And here it is, a third of the way into September, and I haven’t blogged anything this month. It’s just that I feel like I don’t have much to write about.

On one hand, my life is just more boring than it was from about late 2006 to somewhere in 2013. I’m not traveling anywhere, living the expat life, publishing a book or doing anything out of the ordinary (the ordinary being work knit read erg row, with the “row” part happening only once every couple of weeks and the “work” thing taking up approximately half my waking hours (that’s actual math, but includes getting ready for work, commuting to and from, and things like lunch break as well as actual work time). That’s no reason not to blog, because some of the most interesting journals I’ve read over the years are from people who don’t do all that much but who are intrinsically interesting. But a) I’m not, particularly and b) it’s just the transition from having an interesting outside life to not that’s difficult.

And on the other hand, my bucket list is empty – I have almost everything I’ve ever wanted and done most things I want to do. There’s only one gaping hole, one thing that would make my life appreciably better would be to have local close friends. Other than that, I have a very happy marriage, a nice place to live in an area I really like, enough money to do most things I want (except retire!), an OK job and so on. I’ve got plenty of yarn and more importantly, plenty of books. I’ve done most of the things I wanted to do in life – got a couple of degrees, found a lifemate, learned to fly a plane, traveled to all seven continents, wrote a book. (I’ve done pretty well at seizing opportunities that were presented to me and I’m proud of that to a degree, but I am acutely aware of how lucky I am that the opportunities were there at all.) The only really big experience I feel I’ve missed out on is parenthood – and I was always a little ambivalent about that. After all, if you go on a trip and it’s lousy, all you’ve wasted is a little time and money. If you have a kid and regret that or aren’t good at parenting, you’re stuck – and it’s much worse for the kid.

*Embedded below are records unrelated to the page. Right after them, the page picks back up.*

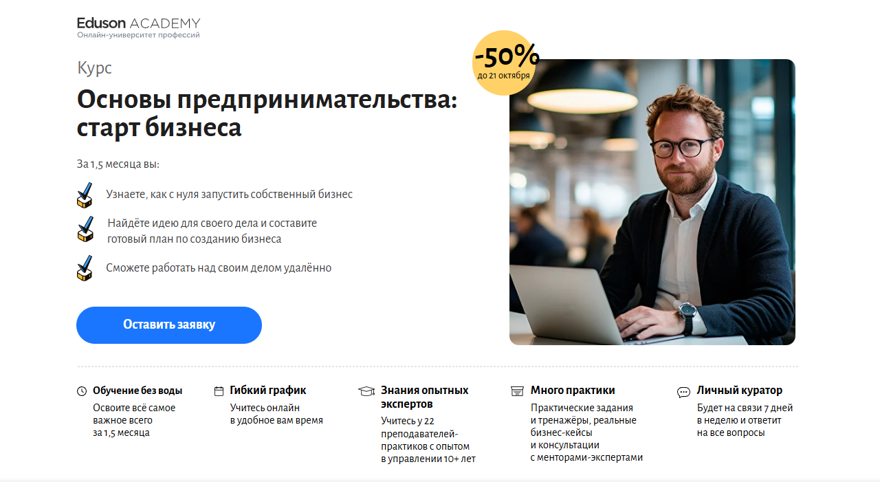 Основы предпринимательства: старт бизнеса от Eduson Academy — практический курс с 69 интерактивными уроками и консультациями менторов, где за 1,5 месяца вы создадите готовый план запуска собственного дела.
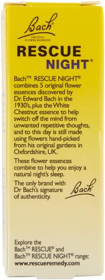 NATURAL BACH FLOWER ESSENCE FORMULA: Rescue Night is Dr Bach’s famous combination of five natural flower essences plus the additional essence of White Chestnut
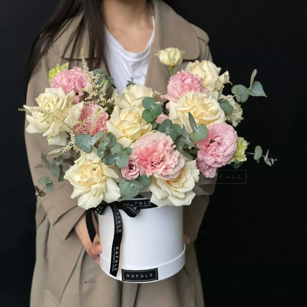 Роза голландская 60 см – 7 шт. астильба (голландия) – 2 шт. лизиантус (израиль) – 4 шт. эвкалипт (голландия) – 2 шт.
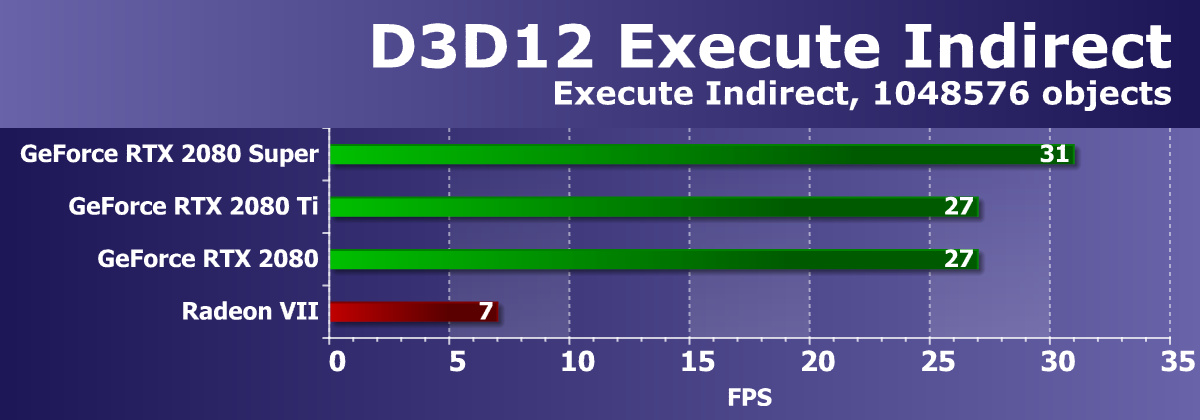 Из более-менее новых бенчмарков мы начали использовать несколько примеров, входящих в DirectX SDK и пакет SDK компании AMD (скомпилированные примеры применения D3D11 и D3D12), а также несколько тестов для измерения производительности трассировки лучей. В качестве полусинтетического теста у нас также используется и популярный 3DMark Time Spy, помогающий определить прирост от асинхронных вычислений.
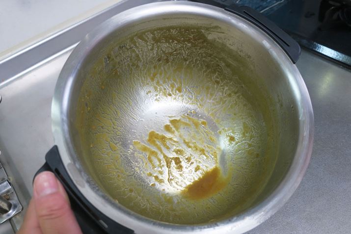 ちなみに、カレー作った鍋底には焦げ付きは一切なし。鍋内をかき混ぜてくれるまぜ技ユニットと、センサーで火加減を調整してくれる機能があるおかげかも
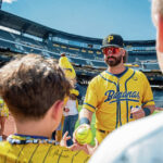 “That’s the one that got me to Banana Ball, and I’ll never stop doing it until the day I die,” he said. “They DMed me on Instagram: ‘You gotta come do this live.’ I haven’t played baseball in seven years, and they’re, like, ‘you gotta do it live.’ … I’ve been here ever since.”
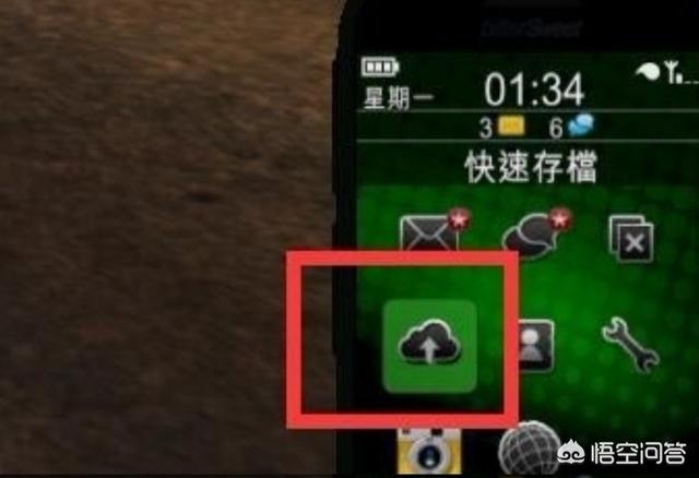 利用我们的手机。我们按↑方向键调出手机。然后移动到最左列的中间一个。像云一样的东西。出现这个页面我们就能够选择是覆盖当前存档。或者新建一个存档。
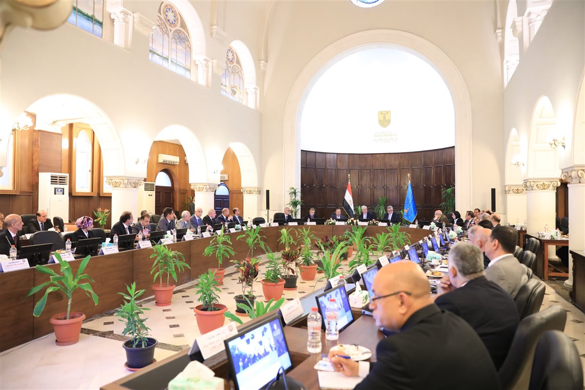 واستمع المجلس إلى عرض تفصيلي قدمه الدكتور عبدالعزيز قنصوة، رئيس جامعة الإسكندرية، حول جهود اللجنة المُشكلة لتحويل مصر إلى مركز إقليمي ودولي للتعليم والبحث العلمي والابتكار، يساهم في بناء اقتصاد المعرفة ويجذب الطلاب والباحثين من جميع أنحاء العالم، وذلك من خلال تشجيع الجامعات الحكومية على عقد شراكات لمنح درجات مزدوجة مع جامعات مرموقة، وتدويل الجامعات الحكومية وإنشاء أفرع لها خارج مصر وتصدير العلامة التجارية للتعليم المصري وإعادة تأسيس مكانته التاريخية، وزيادة أعداد الطلاب الوافدين المُلتحقين بالجامعات المصرية، وربط الأبحاث العلمية بالنشر العالمي واقتصاد المعرفة من خلال "أودية التكنولوجيا"، وربط البحث بالصناعة، وكذلك استعراض الخطوات التنفيذية لتنفيذ هذه المحاور.
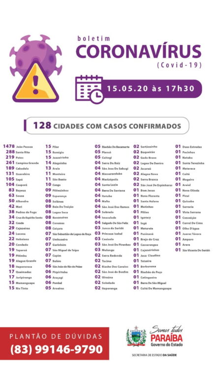 Nesta Sexta, 15 de maio, a Paraíba registra mais uma vez, o maior número de casos e em um único dia, são 378 novos casos de Covid-19 e 10 óbitos confirmados causados pela doença. Assim, a Paraíba atinge 3.739 casos de Covid -19.
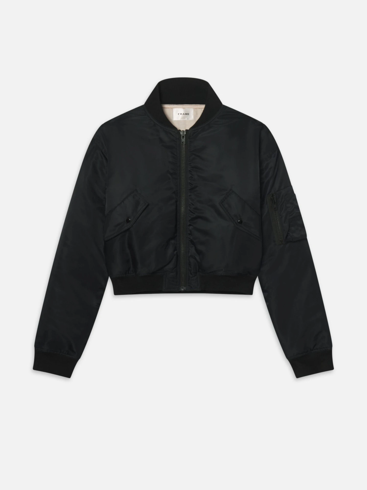 A modern take on the timeless bomber silhouette. This jacket has a slightly cropped fit, double front flap pocket and a zip pocket at the sleeve—finished with ribbed trim for a fitted waist, with contrast lining for quiet tonal depth.Â
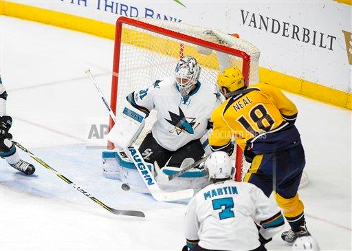 March 25, 2017 Nashville Predators right wing James Neal (18) scores on a shot on goal during 3rd period of a NHL match between the San Jose Sharks and Nashville Predators at Bridgestone Arena in Nashville Tennessee.Steve Roberts /Cal Sport Media (Cal Sport Media via AP Images)
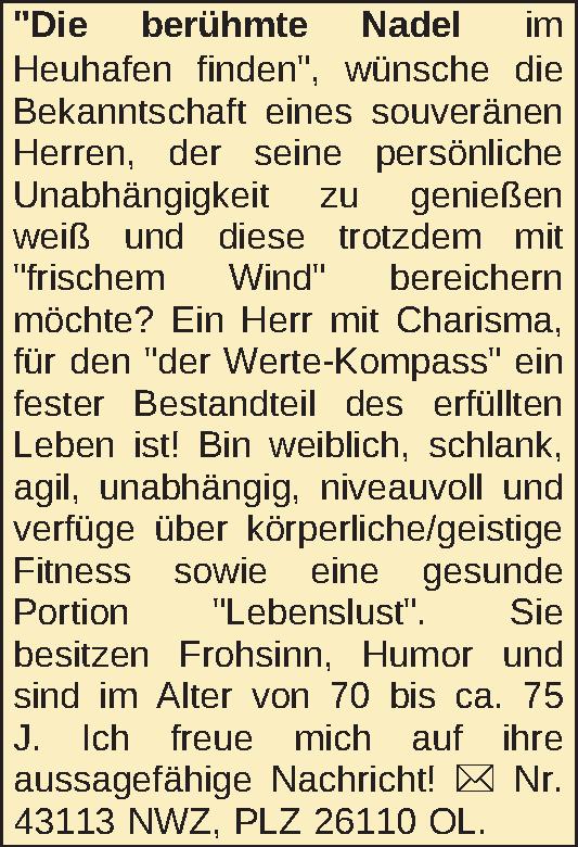 "Die berühmte Nadel im Heuhafen finden", wünsche die Bekanntschaft eines souveränen Herren, der seine persönliche Unabhängigkeit zu genießen weiß und diese trotzdem mit "frischem Wind" bereichern möchte? Ein Herr mit Charisma, für den "der Werte-Kompass" ein fester Bestandteil des erfüllten Leben ist! Bin weiblich, schlank, agil, unabhängig, niveauvoll und verfüge über körperliche/geistige Fitness sowie eine gesunde Portion "Lebenslust". Sie besitzen Frohsinn, Humor und sind im Alter von 70 bis ca. 75 J. Ich freue mich auf ihre aussagefähige Nachricht! ¤ Nr. 43113 NWZ, PLZ 26110 OL.

Midlife crisis is supposed to be about boredom, and people taking one more chance to kick over the traces. I don’t think I’m having that. I’m not bored with living my life, just out of things to say about it. There are always new books to read or old ones to reread, always things to knit, always the experiences like drinking a glass of wine, having a conversation with Ted, or rowing around the lake that are always new because they’re different every time. (It’s possible this is why I love wine and rowing, and it’s almost certain this is one reason I love Ted.)

Maybe the other point is that I don’t really have much to complain about – it’s always easier to write when you need to vent. I began my first blog on a boring three-month business trip, griping about being away from Ted, and then once I return, segued into bitching about a difficult rowing coach. The only real problems I really have at present are that I’m too sedentary and not as fit as I was – and those are under my own control. Work’s not perfect, but then when is it?

So I’m having my own odd sort of midlife crisis, in needing to fill my bucket list with new goals. The other problem is just one of adjustment – after spending 7 years writing about what was happening around me, in my expat years and writing period, I need to tune my lens to a micro level and bring it inward a bit.

And also, maybe I need to write more about wine.